> Stored data entries
########

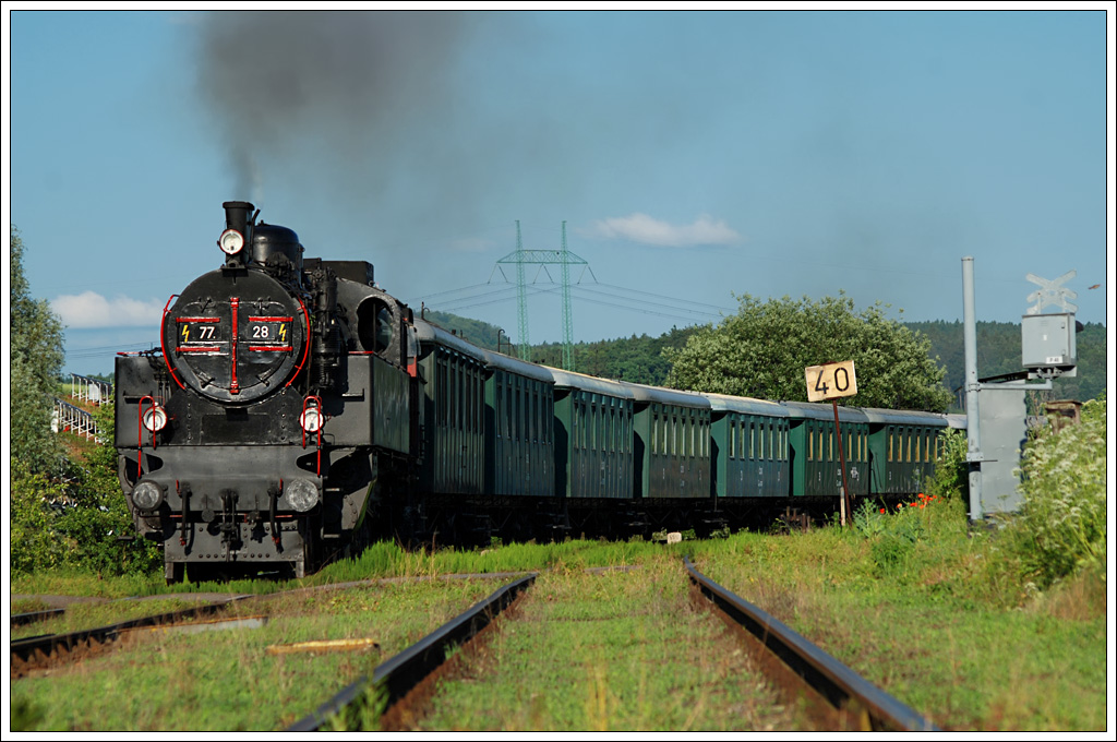 ÖGEG 77.28 (ex BBÖ 629.43) bei der Einfahrt in Krupá (CZ) am 21.6.2013 anlässlich des k&k Dampfloktreffens im Eisenbahnmuseum Lu¸ná u Rakovníka (CZ). Um Diskussionen zu vermeiden – hier handelt es sich um einen organisierten Fotozug, bei dem u.a. auch bei dieser Aufnahme das zweite Gleis als Fotostandpunkt diente.
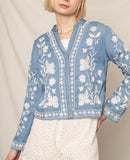 Petal Stitch Quarter Sleeve Embroidered Denim Top
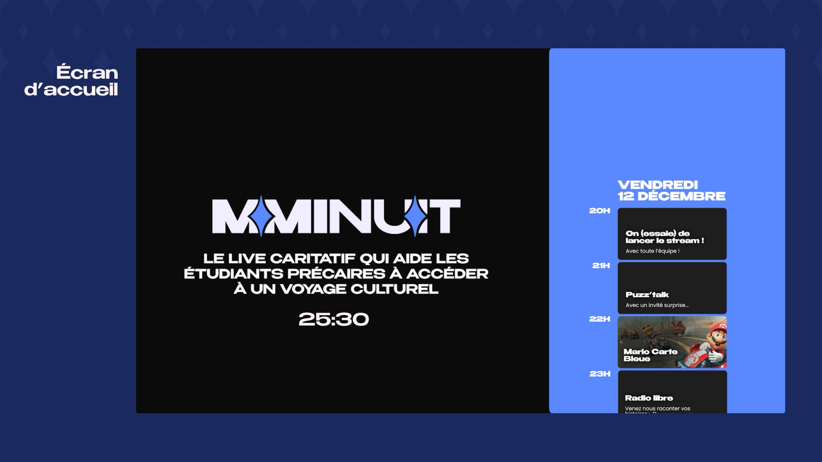 MMINUIT est un live caritatif de 48h sur Twitch organisé par les étudiants MMI. L’objectif : récolter des fonds pour financer le voyage culturel d’étudiants en situation de précarité.
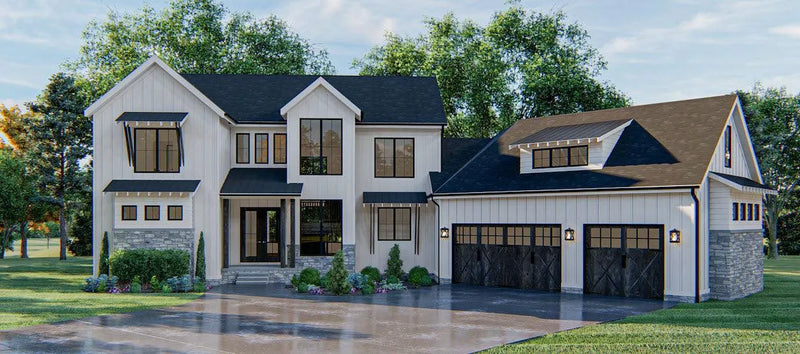 The Savannah Falls plan is a Modern Farmhouse masterpiece. The exterior of this home combines board and batten siding, metal roofing, and stone to give this home the timeless modern farmhouse look. The large angled 3 car garage with storage provides a great place to store your cars and your toys. Once you walk in through the covered porch, you'll find yourself in a grand 2 story entry. The great room is warmed by a fireplace and lets in tons of natural light through the large windows that look out to the covered patio. This home has a wonderful kitchen that includes a massive walk-in pantry and a large island with a snack bar.
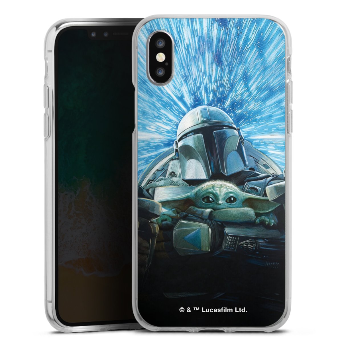 Grogu und Mando fliegen blau
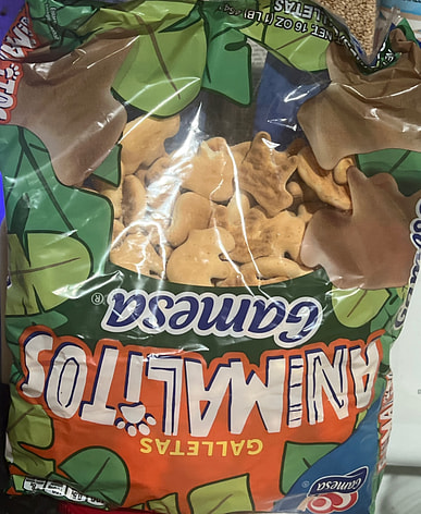 Cookies that my son loves and the bag with the cookies is a very good size. I store them like this so they last longer.
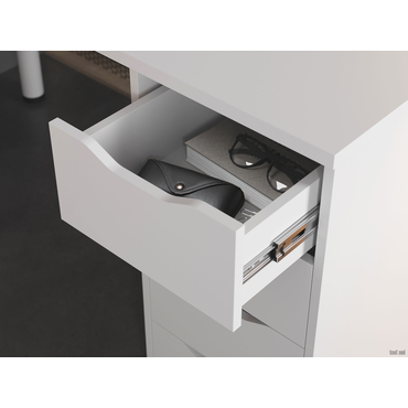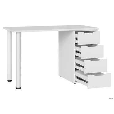 - Письменный стол Адлер станет основой рабочего уголка в офисе или квартире. Широкая столешница позволяет комфортно разместить лампу, органайзеры, компьютер или ноутбук. Для остальных принадлежностей предусмотрены удобные выдвижные ящики. Благодаря универсальному дизайну стол отлично сочетается с другой мебелью. Характеристики: Материал столешницы: ЛДСП 2,2 см. Материал ножек: металл. Диаметр ножек: 6 см. Тип направляющих: шариковые. Максимальная нагрузка на столешницу: 20 кг. Максимальная нагрузка на ящик: 5 кг. Ориентация сборки: универсальная. Расстояние от края столешницы до центра опоры: 10,15 х 10,15 см. Преимущества: шариковые направляющие — позволяют выдвинуть ящик на всю глубину, облегчая поиск нужной вещи. Плавное скольжение обеспечивает комфортную эксплуатацию механизма и продлевает срок службы мебели; регулируемый подпятник — высоту опор можно менять в диапазоне трех сантиметров, чтобы компенсировать незначительные неровности пола; универсальная сборка — расположение тумбы может быть с любой стороны столешницы. Это делает стол одинаково удобным для правшей и для левшей, а также позволяет адаптировать его для разных планировок; лаконичный дизайн — в конструкции стола сделан акцент на простые линии и минималистичность. Такой дизайн легко сочетается с другой современной мебелью и не перегружает интерьер. Обратите внимание, регулируемый подпятник позволяет увеличить высоту стола до 3 см.
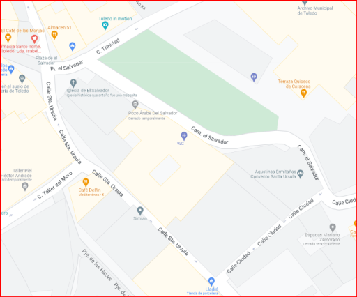 Éste es el caso de una calle de Toledo, muy céntrica, pero absolutamente desfigurada hoy en día con respecto al aspecto que presentaba en los siglos pasados. Se trata de la durante siglos denominada Cuesta de la Portería de la Trinidad, callejuela entonces estrecha y misteriosa convertida hoy en amplio espacio urbano con las denominaciones de Plaza y Calle del Salvador.

########

> Work required
An exact copy of every entry, pictures left out, is what to write here.

> Reply to the task
 ÖGEG 77.28 (ex BBÖ 629.43) bei der Einfahrt in Krupá (CZ) am 21.6.2013 anlässlich des k&k Dampfloktreffens im Eisenbahnmuseum Lu¸ná u Rakovníka (CZ). Um Diskussionen zu vermeiden – hier handelt es sich um einen organisierten Fotozug, bei dem u.a. auch bei dieser Aufnahme das zweite Gleis als Fotostandpunkt diente.
 Petal Stitch Quarter Sleeve Embroidered Denim Top
 MMINUIT est un live caritatif de 48h sur Twitch organisé par les étudiants MMI. L’objectif : récolter des fonds pour financer le voyage culturel d’étudiants en situation de précarité.
 The Savannah Falls plan is a Modern Farmhouse masterpiece. The exterior of this home combines board and batten siding, metal roofing, and stone to give this home the timeless modern farmhouse look. The large angled 3 car garage with storage provides a great place to store your cars and your toys. Once you walk in through the covered porch, you'll find yourself in a grand 2 story entry. The great room is warmed by a fireplace and lets in tons of natural light through the large windows that look out to the covered patio. This home has a wonderful kitchen that includes a massive walk-in pantry and a large island with a snack bar.
 Grogu und Mando fliegen blau
 Cookies that my son loves and the bag with the cookies is a very good size. I store them like this so they last longer.
 - Письменный стол Адлер станет основой рабочего уголка в офисе или квартире. Широкая столешница позволяет комфортно разместить лампу, органайзеры, компьютер или ноутбук. Для остальных принадлежностей предусмотрены удобные выдвижные ящики. Благодаря универсальному дизайну стол отлично сочетается с другой мебелью. Характеристики: Материал столешницы: ЛДСП 2,2 см. Материал ножек: металл. Диаметр ножек: 6 см. Тип направляющих: шариковые. Максимальная нагрузка на столешницу: 20 кг. Максимальная нагрузка на ящик: 5 кг. Ориентация сборки: универсальная. Расстояние от края столешницы до центра опоры: 10,15 х 10,15 см. Преимущества: шариковые направляющие — позволяют выдвинуть ящик на всю глубину, облегчая поиск нужной вещи. Плавное скольжение обеспечивает комфортную эксплуатацию механизма и продлевает срок службы мебели; регулируемый подпятник — высоту опор можно менять в диапазоне трех сантиметров, чтобы компенсировать незначительные неровности пола; универсальная сборка — расположение тумбы может быть с любой стороны столешницы. Это делает стол одинаково удобным для правшей и для левшей, а также позволяет адаптировать его для разных планировок; лаконичный дизайн — в конструкции стола сделан акцент на простые линии и минималистичность. Такой дизайн легко сочетается с другой современной мебелью и не перегружает интерьер. Обратите внимание, регулируемый подпятник позволяет увеличить высоту стола до 3 см.
 Éste es el caso de una calle de Toledo, muy céntrica, pero absolutamente desfigurada hoy en día con respecto al aspecto que presentaba en los siglos pasados. Se trata de la durante siglos denominada Cuesta de la Portería de la Trinidad, callejuela entonces estrecha y misteriosa convertida hoy en amplio espacio urbano con las denominaciones de Plaza y Calle del Salvador.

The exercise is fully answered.